• _What you need to do_
For the data below, retype word for word the lines from the one containing "This PT by Mick" through the one containing "Rokkiah appears to"; drop the pictures.
-- Data shown follows --
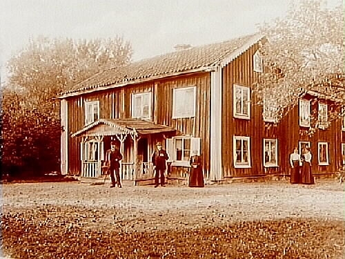 Tvåvånings vinkelbyggt bostadshus med veranda i snickarglädje.
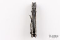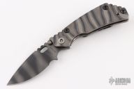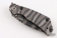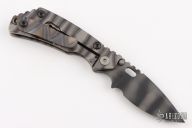 This PT by Mick Strider features a tiger striped blade with notched thumbrest and thumbhole. The handle has a Disruptive Strider Stripe finished titanium frame with matching tip up clip. New condition.
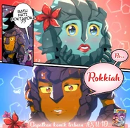 Rokkiah appears to belong to the same alien species as Roktaroka. However, while Roktaroka has the characteristics of a volcanic rock in connection with its atmosphere, mood, and appearance, Rokkiah is different. She resembles a crystal or other rock kinds, indicating that she may have adapted to a different environment. even so, both seem to be part of the same alien race.
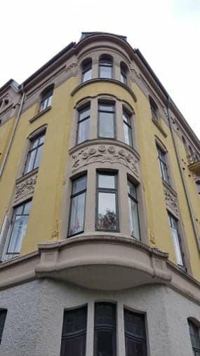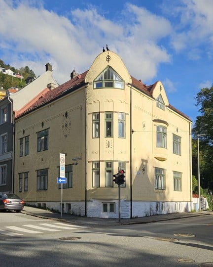 geometriske former som utsmykningsdetaljer. Et annet særtrekk for j ugendstilen var også å benytte seg av asymmetri i utformingen, ofte gjennomført på svært subtilt vis. Begrepet gesamtkunstverk ble gjerne brukt om den nye stilen. Alt skulle henge sammen og danne et hele; arkitektur, interiør, møbler og belysning. Arkitekt Schou tegnet selv det meste i teateret, interiørene, møblene og lysekronene. Jugendstilen ble ikke veldig utbredt i Norge. Det var byggekrakk i landet tidlig i det 20-århundre og følgelig liten byggeaktivitet. Unntaket er Ålesund som på grunn av bybrannen i 1904 fikk en helt "ny by" i jugendstil og fikk således en av Europas mest konsentrerte samling av jugendarkitektur på et område. Likevel, til tross for liten utbredelse av stilen her i landet, har vi noen flotte jugendbygg i Oslo og Trondheim, men også i Bergen. Foruten arkitekt Schou var det flere andre bergensarkitekter som tegnet jugendbygg i Bergen, som Daniel Muri (1879-1957), Egill Reimers (1878-1946), Jens Zetlitz Monrad Kielland(1866-1926) og Schak Bull (1858-1956). I løpet av byvandringen fra teatret til Kalfarlien og deretter tilbake til sentrum, fikk vi se mange ulike eksempler på jugendboliger med ulik utforming og med flotte og spennende dekordetaljer. Det var for eksempel bygg med hettelignende takkonstruksjoner, vinduer som var typiske for jugendstilen, de var gjerne smale og tredelte, men bundet sammen av en bue og satt rett inn i veggen. Vindusrutene hadde ofte store felt nederst og flere småruter i øverste felt.
-- Data shown concluded --
• _Expected answer_
 This PT by Mick Strider features a tiger striped blade with notched thumbrest and thumbhole. The handle has a Disruptive Strider Stripe finished titanium frame with matching tip up clip. New condition.
 Rokkiah appears to belong to the same alien species as Roktaroka. However, while Roktaroka has the characteristics of a volcanic rock in connection with its atmosphere, mood, and appearance, Rokkiah is different. She resembles a crystal or other rock kinds, indicating that she may have adapted to a different environment. even so, both seem to be part of the same alien race.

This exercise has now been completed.